Lembrou-se da garota por quem fora apaixonado na adolescência. De um dia em que se encontravam sozinhos em frente à casa dela. Era a primeira vez que se davam as mãos. Ele pouco conseguia disfarçar o sorriso. Enquanto a olhava, imaginou-se beijando com paixão. Iria beijá-la com todo amor e carinho que um coração poderia dar, a beijaria com tanto desejo que faria a alma dela se sentir amada. Ele ia beijá-la. A olhou nos olhos. Ele ia beijá-la. A olhou nos lábios. Ele ia beijá-la. Ela deu meia volta e se foi. Ele ia chamá-la, ela passou o portão e ele ficou lá, na rua, sozinho.


Deram as horas. Foi ao banheiro, escovou os dentes, mijou, encarou seu reflexo por um momento. Levantou a camiseta. Tinha notado naquela manhã, enquanto se olhava no espelho. Uma mancha escura.

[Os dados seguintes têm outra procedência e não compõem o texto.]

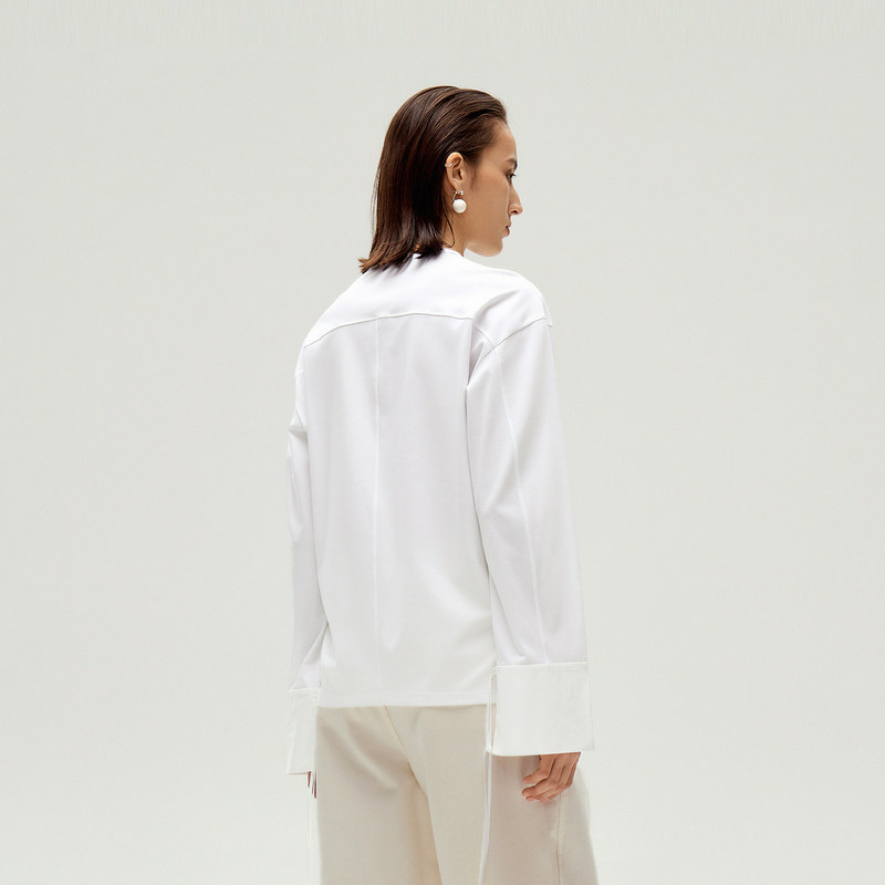 蕉下亨利衫女长袖T恤v领秋冬修身保暖低领打底衫半开领白色上衣

Acordou de repente, no meio da noite. Respirava pesado. A camiseta estava molhada. Na janela, alguém o observava. Sentiu no peito, como se fosse oco. Tirou a camiseta e viu a sua pele sendo puxada para dentro de um buraco, sentiu a pele das suas costas se rasgando. Ouviu um estalo, seus ombros se deslocaram. Eram sugados com força. Seu braço esquerdo sumiu. Sua barriga começou a ser puxada, suas pernas eram tragadas, como se estivessem encolhendo. Escutou suas entranhas se revirando, arrebentando, num redemoinho de sangue e vísceras. Aquilo era absurdo. Acordaria suado em sua cama numa noite de domingo, sozinho. Foi quando escutou suas vértebras se romperem, uma a uma, em estalos secos, sem ritmo. Seu peito afundou. Sua barriga havia sumido. Suas coxas sumiam no vórtice. E então seu cotovelo, sua mão quebrada, os joelhos, os tornozelos rompidos, os pés, o pescoço quebrado, a mandíbula deslocada, o nariz, os olhos, até que não existisse mais Artur.